Let us not be content with all of this, however.  For Christ’s revolution is far from complete.  The messianic kingdom has clearly not yet arrived in its fullness.  If you don’t believe me, just look around this country we’re making.  The Hotham Mission of the Uniting Church looks after several hundred Asylum Seekers who have been released into the community on Bridging Visas while their claims are being investigated.  The conditions under which they Visas are issued would surely make Christ weep, I believe.  Having been released from detention, holders of Bringing Visa “E” are not allowed to work, or to receive Centrelink payments or Medicare services.  Now.  How well would you survive if the government decreed that it was illegal for you to work, to receive Centrelink payments, or to hold a Medicare card?  Pretty difficult, hey?  And how would you go if you had no family here and spoke very little English?  If it wasn’t for Christian people who donate time, money and loving care, these most vulnerable people would simply not survive.  The Spirit of Christ is alive at Hotham Mission, but it has not yet affected government policy.  Not even those members of the government who call themselves Christians:  Howard, Costello, Anderson and Ruddock.

I could speak of other national tragedies this morning—like the concentration camps we call ‘detention centres’, like the appalling conditions in which many Aboriginal people live, like the slow-but-deliberate drift towards a regime in which even the most basic services are offered only to those with money to pay.  But I shall not.  Instead I would simply remind you that Advent faith is not only about remembering the way in which Christ came to us the first time around.  It is about looking for the signs of that arrival in our own place and time.  Most of all, it is about making ourselves available to God as the church, the body of Christ, so that Christ’s revolution might again become present to the world through our faithful deeds of hope and love.  
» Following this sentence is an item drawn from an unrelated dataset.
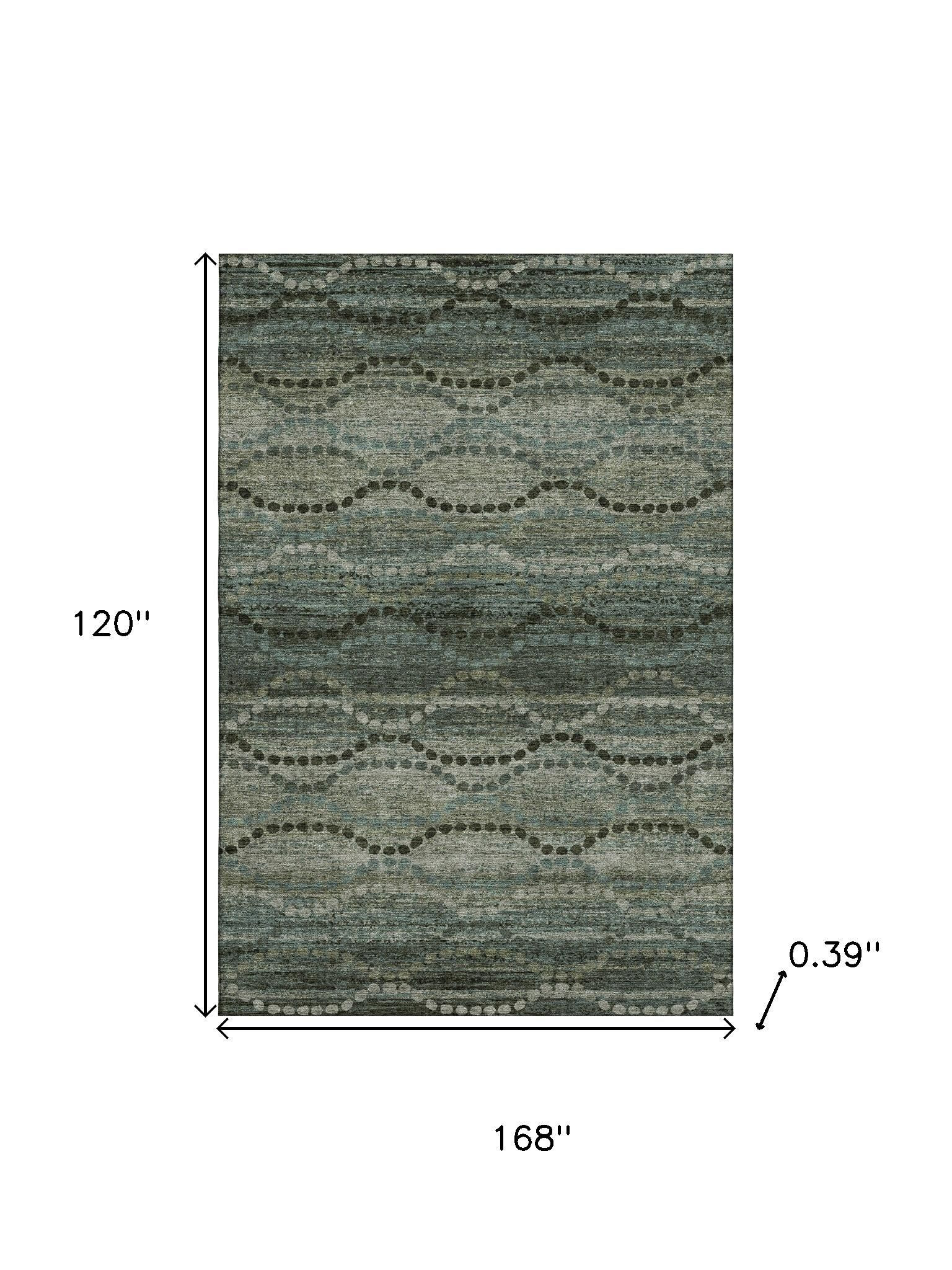 Add some artistry to your room with this 10-foot x 14-foot sage and gray abstract geometric washable area rug with uv protection. Ideal for spaces with kids and pets, this rug is stain resistant to help repel dirt and spilled liquids. Built to last, this rug crafted from polyester fibers is known for its durability and long lasting appeal. Rugs are a great way to showcase your style, hide imperfections, warm your home and reduce noise. This larger sized, transitional styled rug is ready to create a focal point or statement piece in your room. 120.00-inch h x 168.00-inch w x 0.39-inch d.

I know that many of us care for others deeply.  We work as volunteers with the sick, the disabled, the despairing and the voiceless.  Or we work with the poor and the helpless in our paid employment.  Many of us are generous with our surplus money and goods, living simply so that others may simply live.  But others of us are like so many other Australians.  We look only to feather our own nests, and those of our families.  If that is so, then Christ would confront us this morning with the call to revolution.  “Be converted,” he would say, “be really converted.  Let my Spirit into your cold heart so that the seeds of love may be sown.”  For that is what God’s revolution is essentially about:  love.  God’s love for a lost and broken world.  The touchability of that love in the life, suffering and death of Christ.  And the power of love to change things, one small corner of the world at a time, through the power of Christ’s resurrection.  If Christ is raised, you see, then the powers of evil and decay shall not have the last word.  The last word will be love.  This I believe, and for this I pray daily.  So God help me.  God help all of us.

Blessed by God—Father, Son and Holy Spirit—as in the beginning, so now, and forever.  Amen.